According to the present invention, the formed powdered fluorine compound is dried at 110⁰C for β to 24 hours, and then thermally treated at a temperature of 15O⁰C to 900⁰C for 1 to 20 hours in any of an oxidizing atmosphere, a reducing atmosphere and a vacuum. Thus produced powdered fluorine compound can be used as an additive for cathode active materials for lithium secondary battery. The process of thermal treatment allows removal of any impurities that have not been removed previously, so that a powdered fluorine compound in the desired form can be obtained.

When the synthesized powdered fluorine compound is added to a cathode active material, the effect of the acid generated in the vicinity of the cathode active material may be reduced, or the reactivity of the cathode active material with the electrolyte may be suppressed, and thereby the phenomenon that the battery capacity rapidly decreases can be improved. It is also possible to provide a cathode active material having improved charging/discharging characteristics, life span characteristics, high voltage characteristics, and high rate capability.

According to a preferred embodiment of the present invention, there is provided a cathode active material for lithium secondary battery, to which a synthesized powdered fluorine compound is added, the method comprising uniformly mixing 0.05 to 10 parts by weight of the powdered fluorine compound with 100 parts by weight of the cathode active material for lithium secondary battery. When the powdered fluorine compound is mixed in an amount of less than 0.05 parts by weight, the amount added is insufficient, and it is difficult to achieve the effect of the present invention sufficiently.

On the other hand, when the powdered fluorine compound is mixed in an amount of more than 10 parts by weight, the fluorine compound is added to the cathode active material in excess, and acts as a resistance factor, thus causing a rapid decrease in the initial capacity. As a result, a cathode active material having excellent charging/discharging characteristics, life span characteristics, high voltage characteristics, and high rate capability cannot be provided. This can be understood as an occurrence similar to a phenomenon found in an already known technology for surface treatment of cathode active materials, that when surface treatment is performed using an excess of a material, the material in excess acts as a resistance factor, and deteriorates the charging/discharging characteristics, life span characteristics and high rate capability.

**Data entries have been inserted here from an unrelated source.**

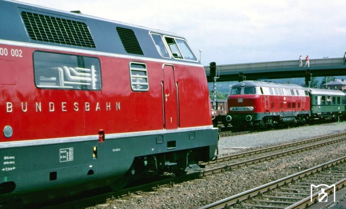 Die V200 002 steht am 03. August 1985 in Neuenmarkt-Wirsberg. Copyright: Joachim Bügel / Slg. Eisenbahnstiftung
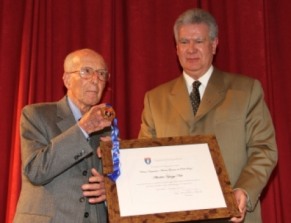 O engenheiro Abrahão Yázigi Neto recebe do presidente do Instituto, Aluizio de Barros Fagundes, o Prêmio Engenheiro Antonio Francisco de Paula Souza
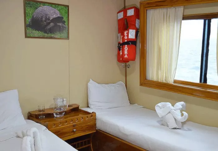 Båden har 9 kahytter med plads til 16 passagerer fordelt på 2 dæk. Kahytterne har enten to enkeltmands- eller en dobbeltseng og er udstyret med eget toilet og aircondition. Vi benytter de kahytter, der ligger på øvre dæk, hvor der er mindst motorstøj.
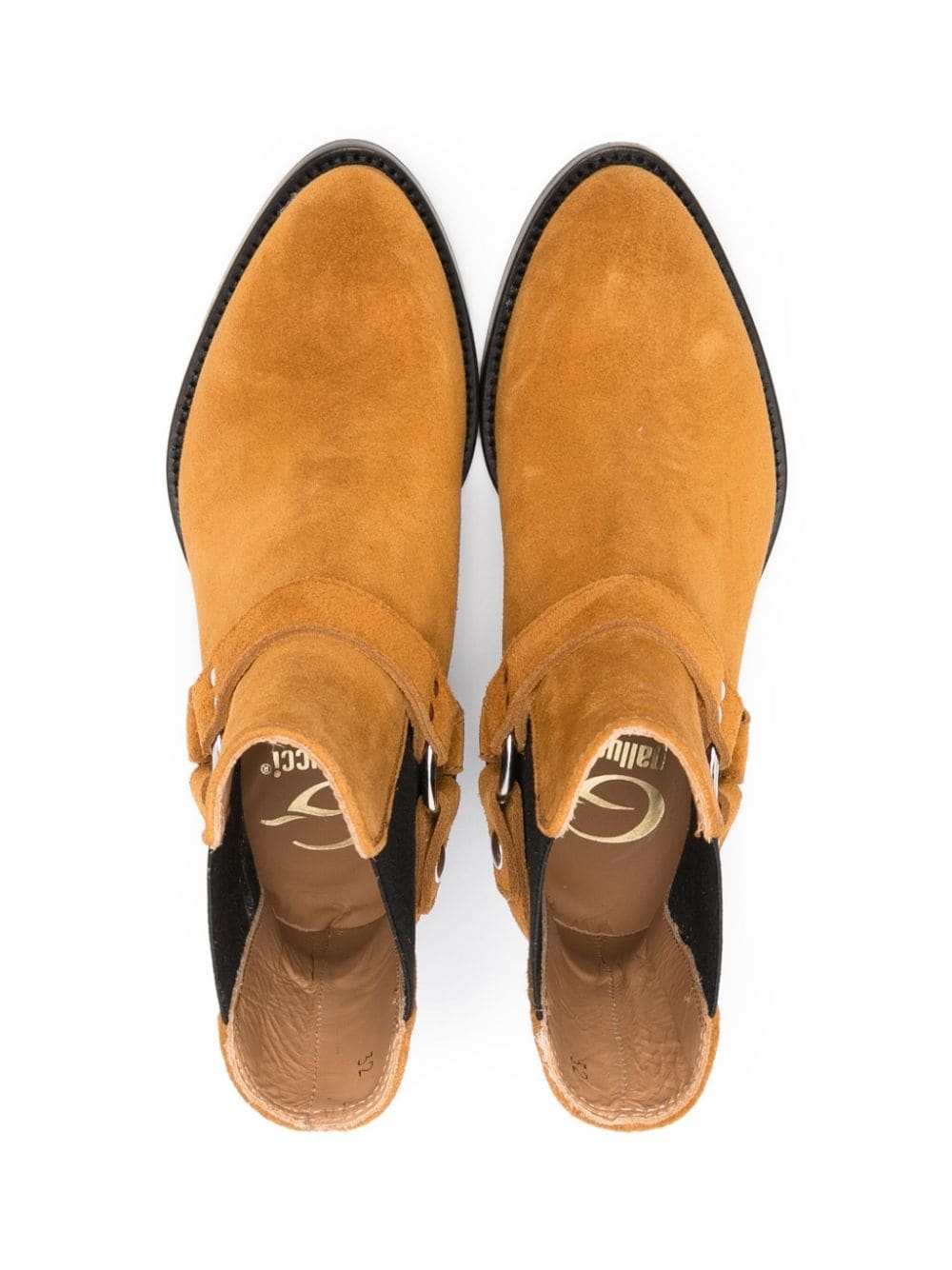 Marrone cammello, pelle di vitello, camoscio, pannelli elastici laterali, dettagli color argento, punta smussata, lunghezza alla caviglia, soletta con logo e tacco largo basso.
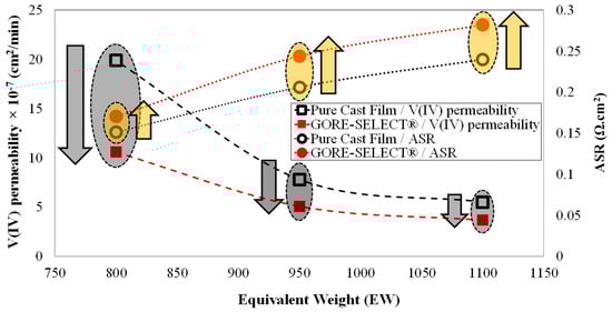 According to Figure 7, it is clear that, for both non-reinforced and reinforced membranes, increasing the equivalent weight decreases the V(IV) ion permeability. For non-reinforced membranes, decreasing the equivalent weight from 1100 down to 950 g·mol−1 increases the V(IV) permeability by 42%, and further decreasing the equivalent weight to 800 g·mol−1 results in 155% greater V(IV) permeability. In comparison, for reinforced membranes, decreasing the equivalent weight from 1100 down to 950 g·mol−1 increases the V(IV) permeability by 39%, and further decreasing the equivalent weight to 800 g·mol−1 further increases the V(IV) permeability by 109%.
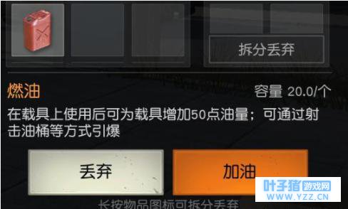 毒气弹爆炸后呈绿色烟雾散布范围很大,最多能够持续造成51点伤害,持续掉血类似毒区,51点的伤害也是终极决赛圈的伤害衰减。在决赛圈、攻楼等等情况下都可以制造人工的终极毒区。但是大家一定要注意,毒气弹的持续伤害不会再同区域同时间点内累计。 “人工轰炸区原料”——燃油
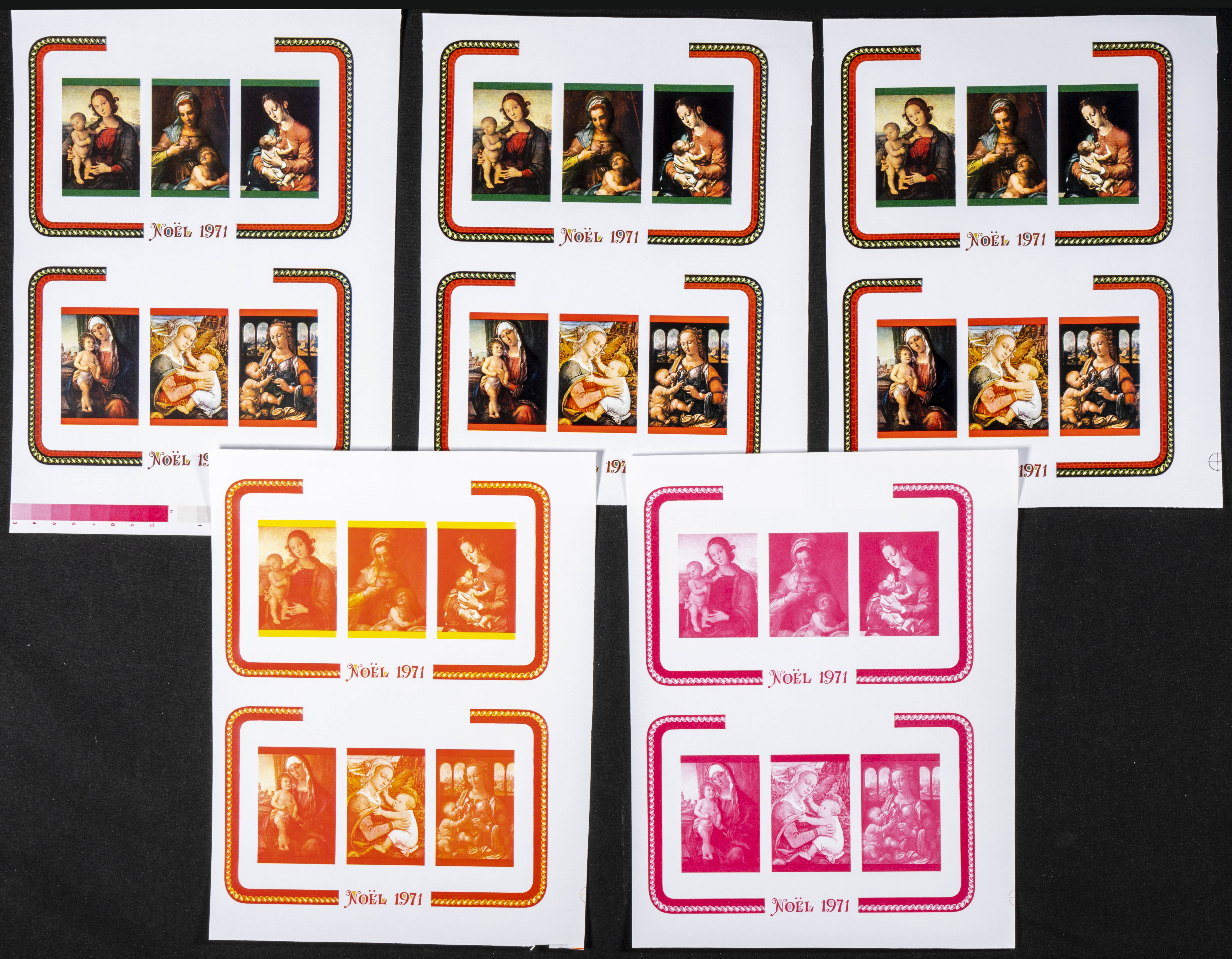 ★★Yvert B49/50. 1971. Christmas. Group of progressive plate proofs of the set. TO EXAM.
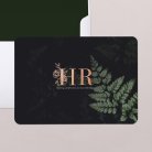 Unsere Designer haben sich von der Schönheit der Abenddämmerung inspirieren lassen und diese ausgefallene Einladung entworfen. Der dunkle Farbton und das natürliche Pflanzenmotiv liegen voll im Trend der kommenden Hochzeitssaison. Die großzügige Kupferprägung lässt die Initialen des Brautpaares stilvoll zur Geltung kommen. Die perfekte Karte, um die Magie der Liebe zu feiern.
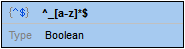 A pattern property (screenshot below) defines the property's name as a regular expression. In the screenshot below, for example, the regular expression specifies that the property must: (i) have a name that begins with an underscore, and (ii) have a boolean as its value. There is no requirement constraint for a pattern property. You can add any number of pattern properties. Notice the icon for pattern properties.
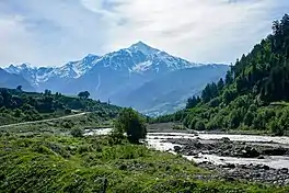 ![]() Mount Tetnuldi and Mulkhra River in the neighborhood of Tsaneri Glacier | |
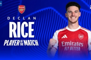 賴斯本場比賽為阿森納踢滿全場,并打進一球,歐冠官方宣布,他當選此役全場最佳球員。
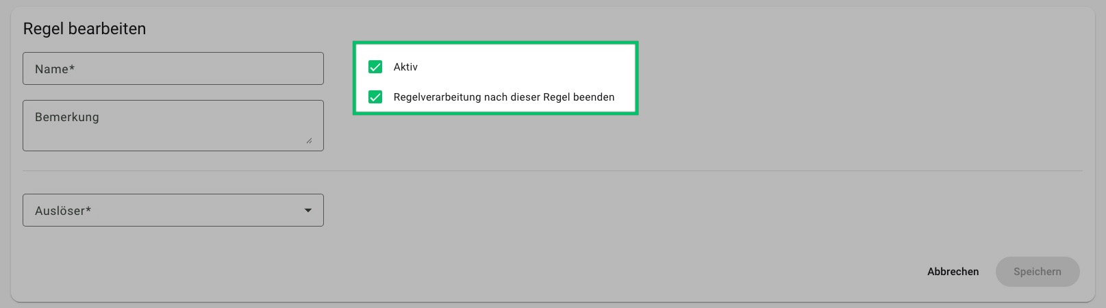 Regelverarbeitung nach dieser Regel beenden: Gibt es mehrere Regeln mit dem gleichen Auslöser, dann werden sie in der von dir definierten Reihenfolge ausgeführt (siehe Priorität). Setzt du allerdings bei einer dieser Regeln den Haken bei "Regelverarbeitung nach dieser Regel beenden" und treffen die Bedingungen dieser Regel zu, mit dem Resultat, dass die Regel ausgeführt wird, dann endet nach der Ausführung dieser Regel die gesamte Ausführung. Alle weiteren Regeln mit geringeren Prioritäten werden dann nicht mehr verarbeitet, d. h., nicht ausgeführt. Das ist z. B. sinnvoll, wenn es mehrere Regeln für einen Benachrichtigungstext gibt (unterschiedliche Sprachen / unterschiedliche Texte), um zu verhindern, dass mehrere Benachrichtigungen gesendet werden.
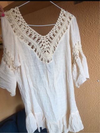 Preciosa túnica de verano en color beige de la marca Penelope Chic. Talla S/M. Es una prenda delicada y elegante, ideal para ocasiones especiales. ÚLTIMO PRECIO!!! - Confeccionada en gasa ligera. - Adornada con detalles de pedrería y flecos. - Cuello en pico con bordado artesanal. - Diseño fluido y favorecedor.
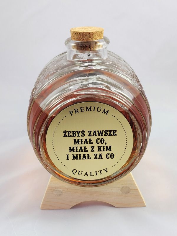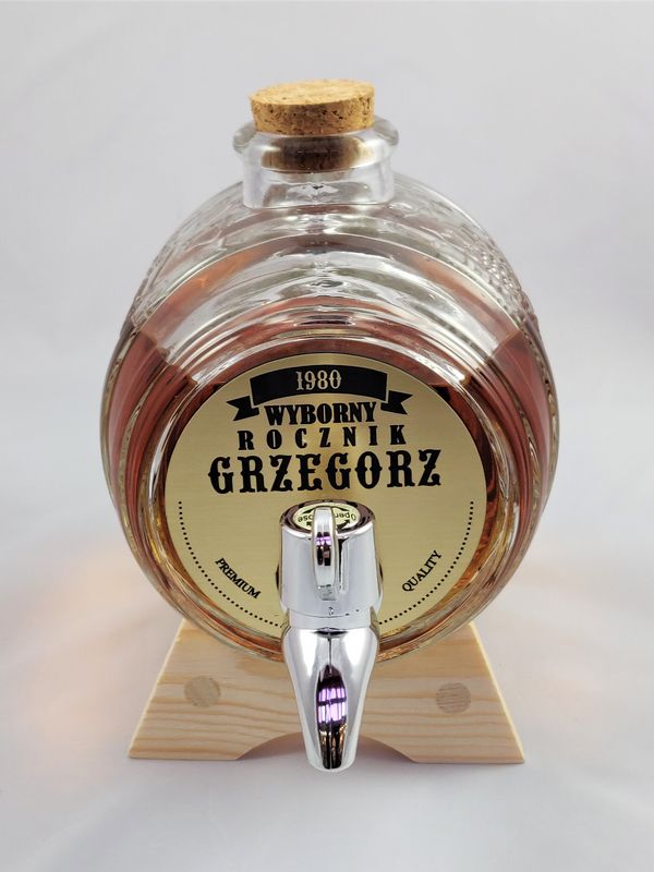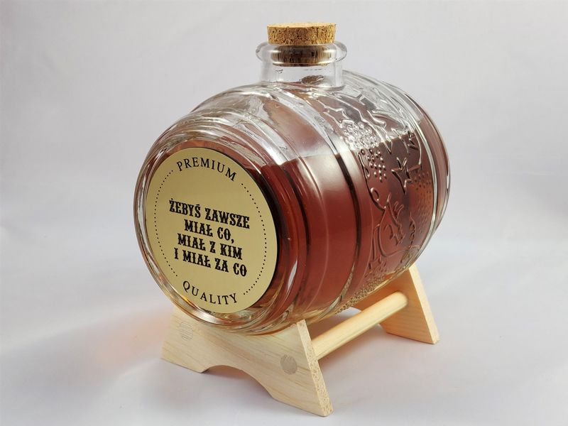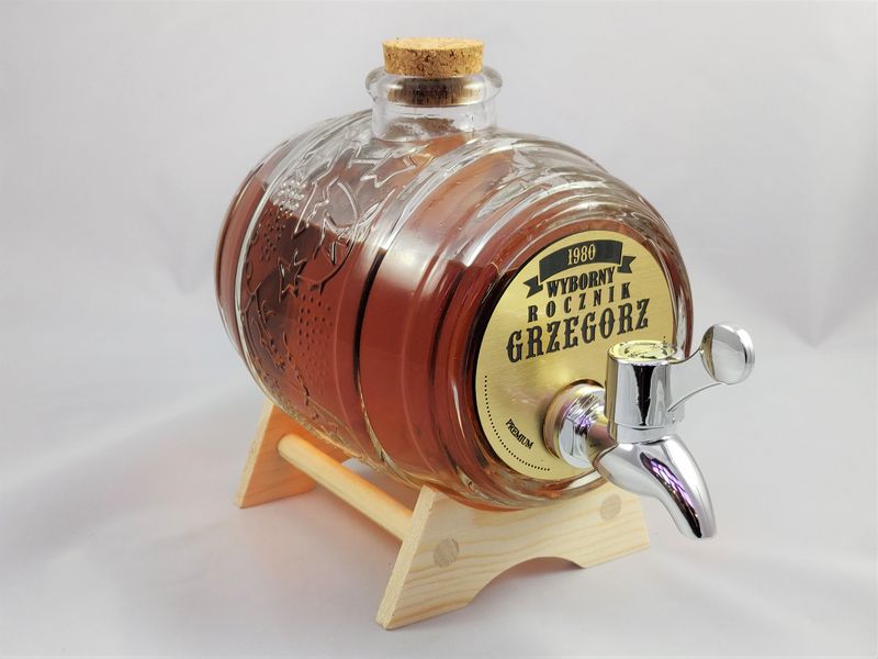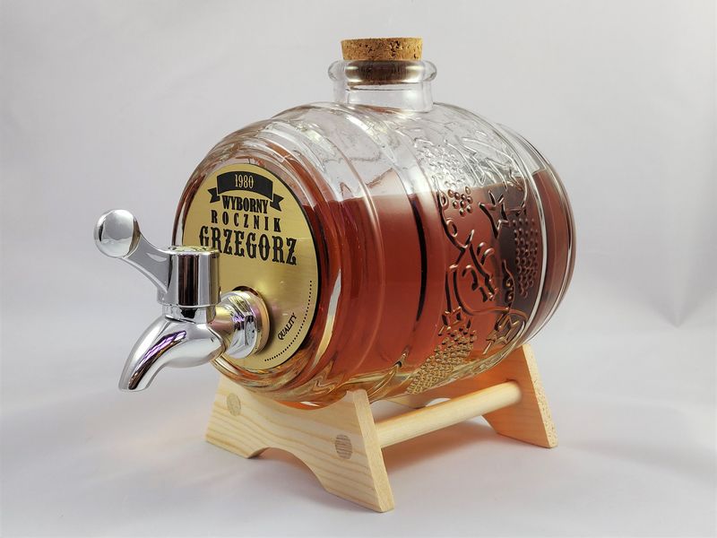 Szklana beczka z grawerem stanowi nietuzinkowy pomysł na prezent na różne okazje.

Accordingly, it is extremely important to appropriately control the amounts of the additive and the extent of surface treatment. The most important reason for operating the cathode active material at high voltages is to increase the capacity, and the most important reason for increasing the capacity of the cathode active material is to provide more storage for energy in the produced batteries. From this point of view, the rapid decrease in the initial capacity is contradictory to the object of the present invention to solve the problem of improving the performance of batteries.

According to the current embodiment of the present invention, a uniform mixture of the cathode active material and the synthesized powdered fluorine compound is further thermally treated at a temperature of 150⁰C to 600⁰C for 1 to 20 hours in any of an oxidizing atmosphere, a reducing atmosphere and a vacuum to obtain a powdered fluorine compound-added cathode active material for lithium secondary battery. The process of thermal treatment allows increasing the binding power of the fluorine compound and the cathode active material. [Advantageous Effects]

According to the present invention, a fluorine compound-added cathode active material for lithium secondary battery is prepared by synthesizing a powdered fluorine compound as an additive for cathode active materials for lithium secondary battery, and adding the obtained fluorine compound to a cathode active material for lithium secondary battery. This powdered fluorine compound-added cathode active material for lithium secondary battery exhibits excellent charging/discharging characteristics, life span characteristics, high voltage characteristics and high rate capability, which characteristics are obtained by reducing the effect of acid generated in the vicinity of the cathode active material, or suppressing the reactivity of the cathode active material and the electrolyte, thereby to improve the phenomenon that the battery capacity rapidly decreases . [Description of Drawings]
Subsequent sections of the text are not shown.